Le capitalisme signifie des attaques incessantes contre les travailleurs et la destruction des acquis sociaux. Les attaques repoussées aujourd’hui seront renouvelées demain. En conséquence, il faut abandonner la conception erronée d’un syndicalisme qui se limite à la seule défense des salariés face au système capitaliste, aux seules questions « immédiates », sans s’engager dans la lutte – nécessairement politique – pour en finir avec ce système. A notre époque, la rapacité des capitalistes et de leurs gouvernements est telle qu’un syndicat qui ne veut pas lutter contre la propriété capitaliste – sous prétexte de ne pas « faire de politique » – ne peut pas défendre correctement et durablement les intérêts des travailleurs. Si on laisse le capitalisme debout, il finira par détruire toutes les conquêtes syndicales et politiques des générations précédentes.

La faillite de la « modération »

Des responsables syndicaux avancent parfois l’idée qu’il ne sert à rien de « parler de révolution » aux travailleurs, puisque ceux-ci « ne veulent même pas se mettre en grève. » Mais dans la plupart des entreprises, le simple fait de prendre contact avec un syndicat, sans parler d’y adhérer, expose le salarié à des mesures d’intimidation, de harcèlement, voire à la perte de son emploi. Si le salarié en question est en CDD, celui-ci risque de ne pas être renouvelé. Si ce salarié est en temps partiel imposé, et dépend du bon vouloir de la direction pour faire davantage d’heures, il n’en aura plus. Cette pratique est très courante dans les magasins et la grande distribution en général, pour ne citer qu’un secteur parmi beaucoup d’autres. Dans une boutique de prêt-à-porter, une vendeuse n’a souvent que 5 heures par semaine sur son contrat, mais travaillera 10, 15, 20 ou 25 heures, selon le niveau d’activité du magasin. Ainsi s’établit une concurrence entre les vendeuses, pour savoir qui aura « des heures » et qui n’en aura pas. Inutile de dire que le fait de participer à une grève ou de se mettre en rapport avec un syndicat porte un coup fatal aux millions de salariés qui sont en CDD ou confrontés à ce type de situation.

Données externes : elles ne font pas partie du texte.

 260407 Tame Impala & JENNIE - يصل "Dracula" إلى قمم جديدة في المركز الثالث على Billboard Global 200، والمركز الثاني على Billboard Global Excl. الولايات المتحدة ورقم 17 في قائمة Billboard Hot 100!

Ainsi, cette population surexploitée et précaire est généralement difficile à mobiliser pour des actions de grève ponctuelles et limitées. Mais paradoxalement, nombre d’entre eux seront ouverts et réceptifs à des idées et à un programme révolutionnaires, pour peu que ceux-ci leur soient correctement expliqués. Ils comprendront également la nécessité d’une véritable grève générale pour contribuer à la réalisation de ce programme. La modération apporte encore moins à ces travailleurs qu’aux autres. Faute de marge de manœuvre et de sécurité, c’est « tout ou rien », pour ces salariés.

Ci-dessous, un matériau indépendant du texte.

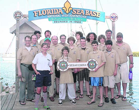 | Published April 29th, 2009 | Scouts Sail for Spring Break | Submitted by Fran Miller |  | | Nine Scouts and eight parents from Moraga Boy Scout Troop 212 spent six days during spring break sailing the Florida Keys on The Heritage Miami, a replica of the 1897 original 83 foot, gaff rigged schooner. Acting as deck crew, anchor crew, galley crew and nighttime anchor watch under the captain's command, the scouts learned to hoist sails and lash and splice lines. Pictured (L to R) at the Florida Sea Base; Back Row: Brandon Luecker, Chris Baker, Don Stephens, Ben Thomas, Andreas Del Valle, Cameron Bagley, Charlie Luecker, Rainer Del Valle. Middle Row: Bill Cimino, Gary Blouse, Rick Hazard, Dave Call, Rory Baker, Scott Call, Kevin Blouse. Front Row: Progam Director Rachel Metzger, Jim Cimino, Joey Lederman.
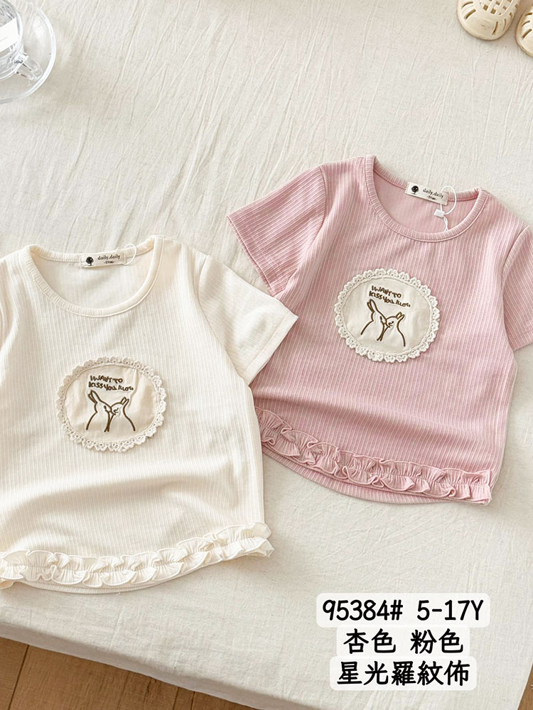 小女童 兔兔刺繡蕾絲下擺短袖圓領T恤 5-17碼 [95384] RQ POLO 小童 春夏童裝 條紋布 坑紋布 羅紋布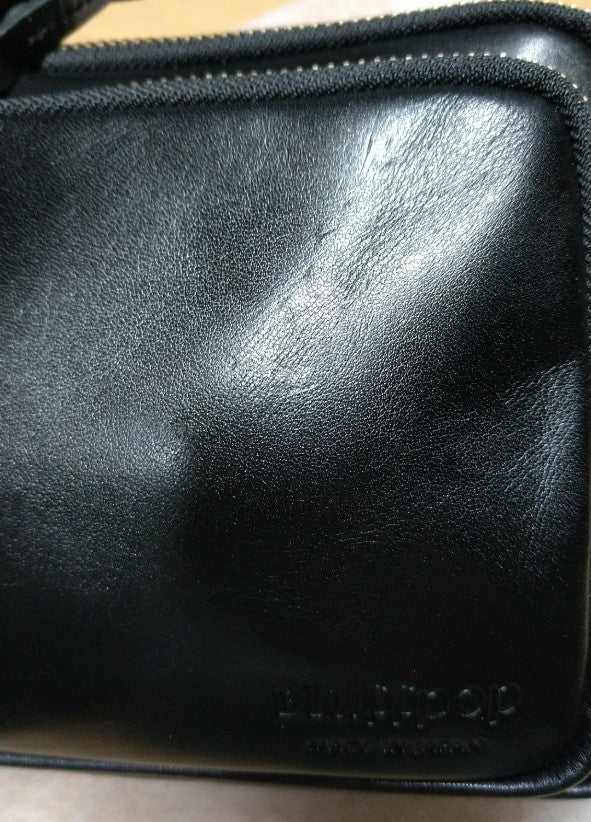 【訳アリ品】日本製/国産/牛革/レザー/斜め掛け/ウエストポーチ/ウエストバッグ/557104/黒色/ブラック④【在庫限り】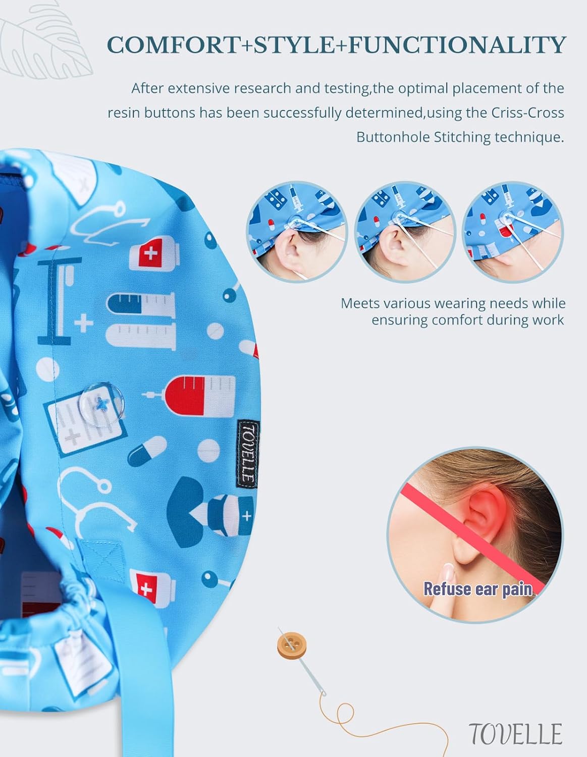 Medical Pattern Scrub Caps for Women and Men with Buttons, Surgical Tech Head Cover, Adjustable Euro Style Scrub Hat for Long or Short Hair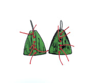 These wonderful, unusual contemporary earrings are certainly eye-catching. Green enamel is complemented beautifully with a red silk thread and oxidised silver wires. Easy and comfortable to wear.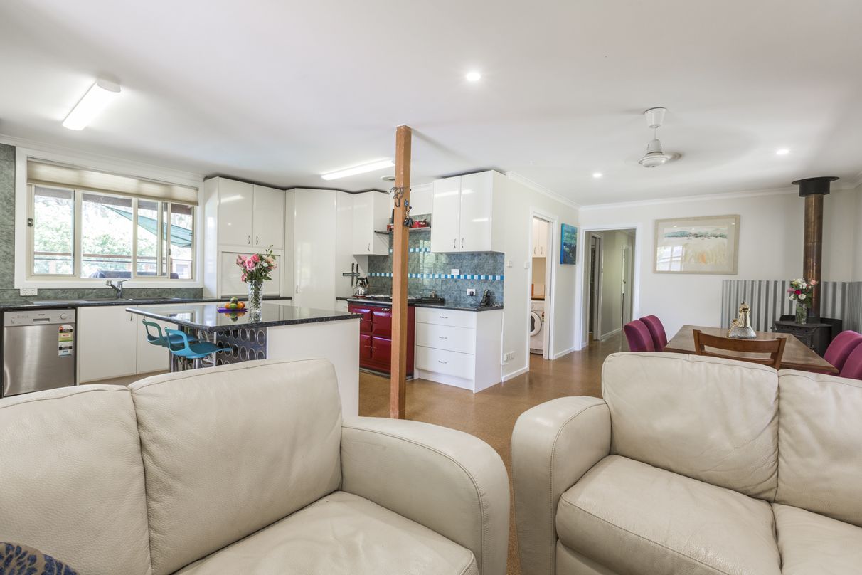 The main house has 2 bedrooms with BIR’s, study and reading area with floor to ceiling bookcase, a large bathroom, with a huge bath, separate toilet, laundry with floor to ceiling cupboards and kitchen, with extensive cupboards, 2 pantries and island bench/family room with split system, Ned Kelly wood heater and imported electric AGA 3 oven stove.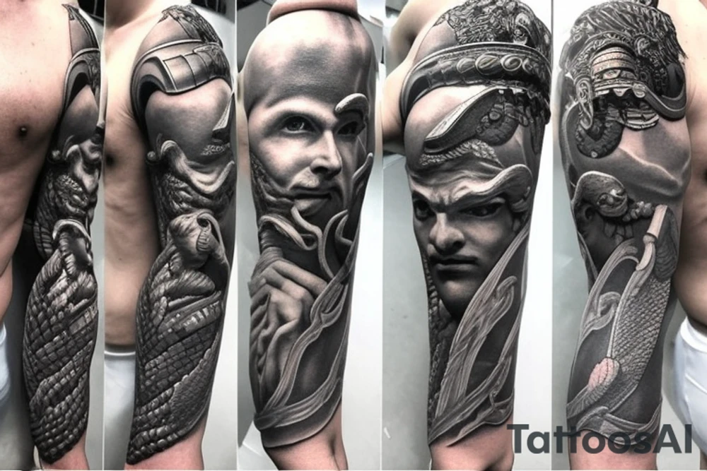 Achilles Trojan solider god holding the leesh of two dragons, one is doped up the other is unchained breathing fire take time increase all detail for arm sleeve tattoo idea

L’échec de la stratégie de la direction de la CGT est patent. Il faut changer de cap. Au lieu de rechercher sans cesse le dialogue et la concertation avec le gouvernement, il faut s’opposer franchement, sur toute la ligne, à tous les projets rétrogrades de Sarkozy. N’ayons plus peur de franchir la ligne jaune de la propriété capitaliste. Prenons exemple sur les travailleurs vénézuéliens, qui font revivre, sur le sol latino-américain, les meilleures traditions de la CGT. Dans les entreprises menacées de fermeture, la CGT devrait inciter les travailleurs à en prendre le contrôle, à occuper les usines, en les soutenant et en luttant à leurs côtés pour que les entreprises en question soient nationalisées, sans indemnités pour les capitalistes.

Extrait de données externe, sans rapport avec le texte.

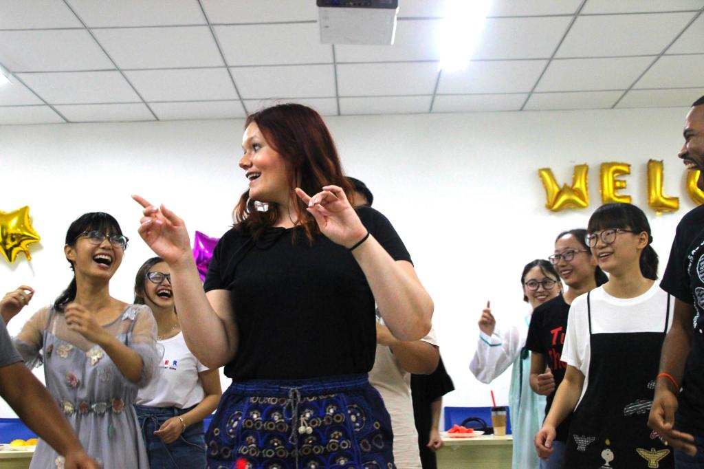 普渡大学的同学也为动医学院的师生准备了节目——舞蹈表演,并现场讲解动作,和动医同学共同表演。丰富的互动节目,促进了两校同学的友谊。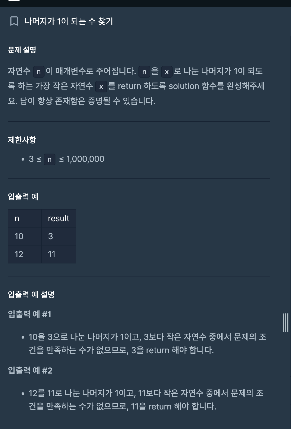 프로그래머스 https://school.programmers.co.kr/learn/courses/30/lessons/87389 'n을 x로 나눈 나머지가 1이 되도록하는 가장 작은 자연수 x'를 구하는 문제입니다.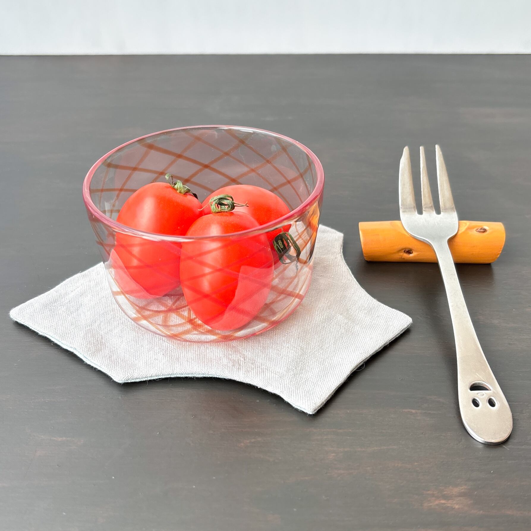 クリアガラスの表面に茶色の色ガラス棒をつけ、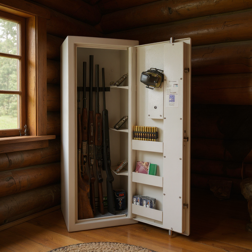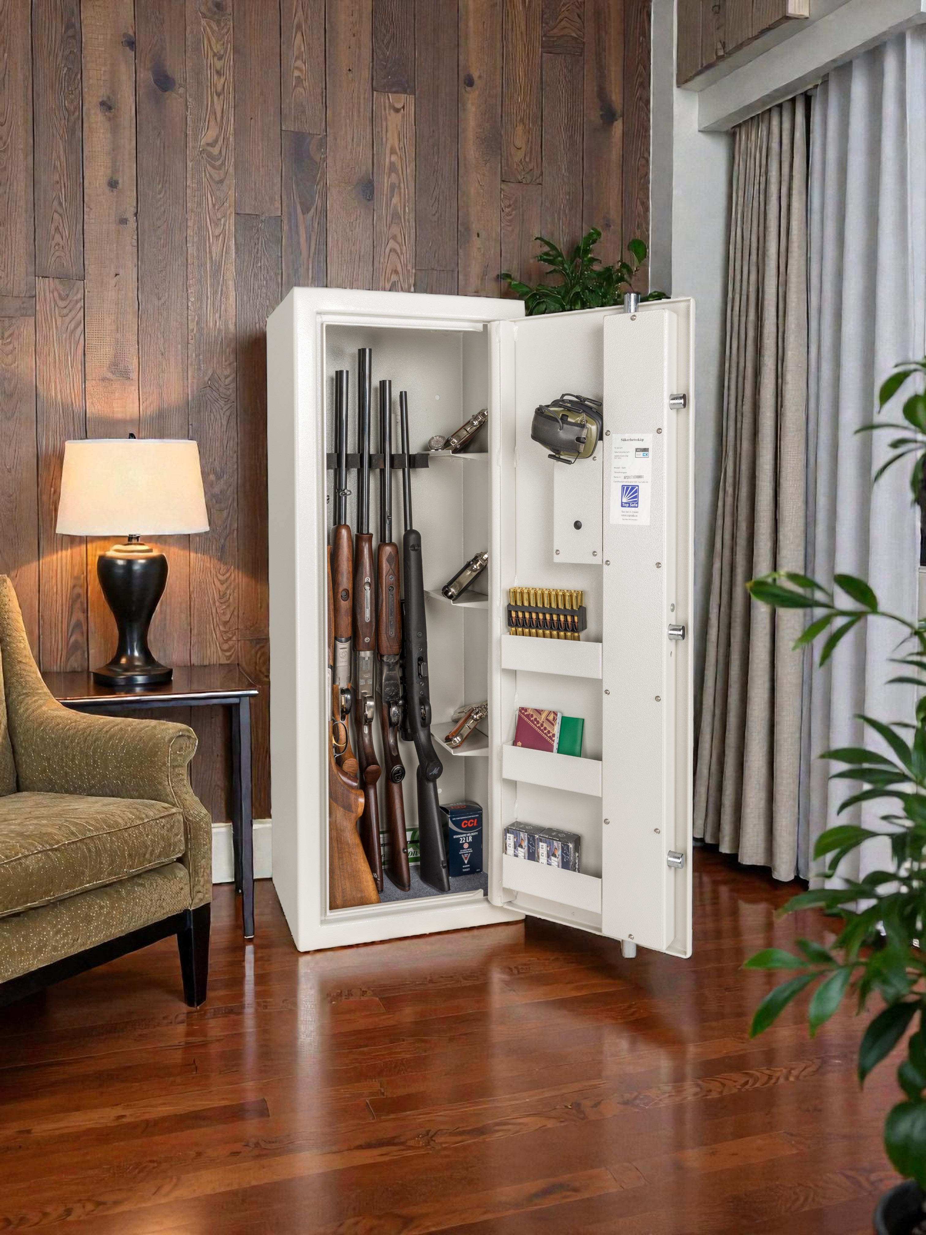 7-10 rifler, kodelås, 3 dørhylder, 3 sidehylder, 3 pistolholdere, kolbeunderlag, løbsstøtte, boltsæt, Producent: Top Safe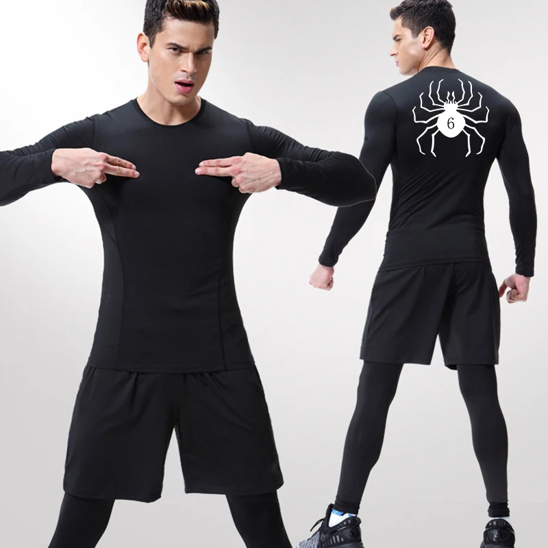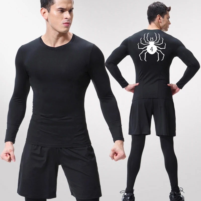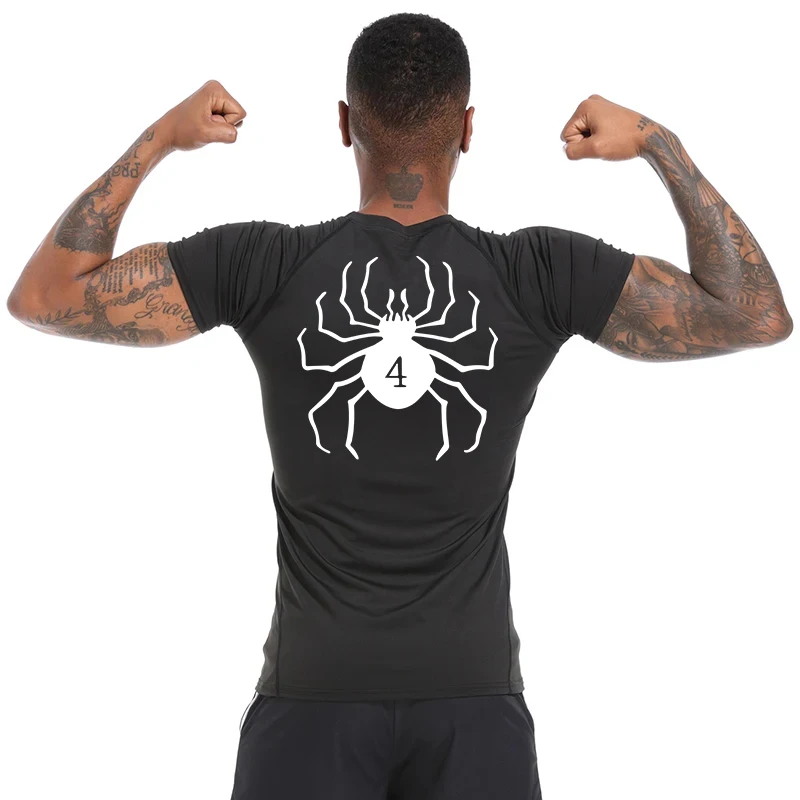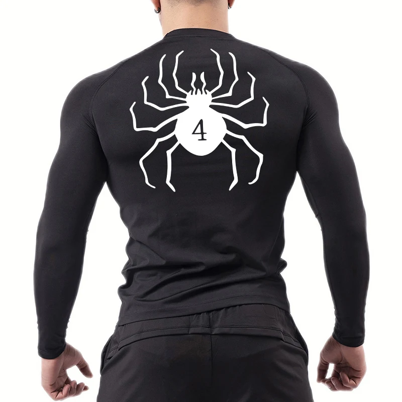 Spider Print Compression Shirts for Men Athletic Quick Dry Tshirts Tops Gym Workout Running Undershirts Baselayers Rash Guard

Actions ponctuelles qui ne mènent à rien

Arrêtons aussi d’abuser des journées d’action et des grèves de 24 heures. Il vaut mieux conserver l’énergie et la combativité des travailleurs pour des actions illimitées, qui seules ont une chance d’aboutir, dans le contexte actuel. Enfin, la CGT doit s’efforcer d’ouvrir les yeux des travailleurs sur le fait qu’ils peuvent, qu’ils doivent en finir avec le capitalisme. Il faut leur expliquer que l’économie – les banques, les organismes de crédit, les assurances, les industries, la grande distribution, les télécommunications et les grands médias – doivent être arrachés des mains des capitalistes et placés sous le contrôle direct et démocratique des travailleurs eux-mêmes. Ceci permettrait une planification rationnelle et démocratique de l’économie au bénéfice de l’ensemble de la société. Ce système-là, c’est le socialisme, et le socialisme est la seule façon d’en finir avec le capitalisme et la régression sociale permanente qu’il impose.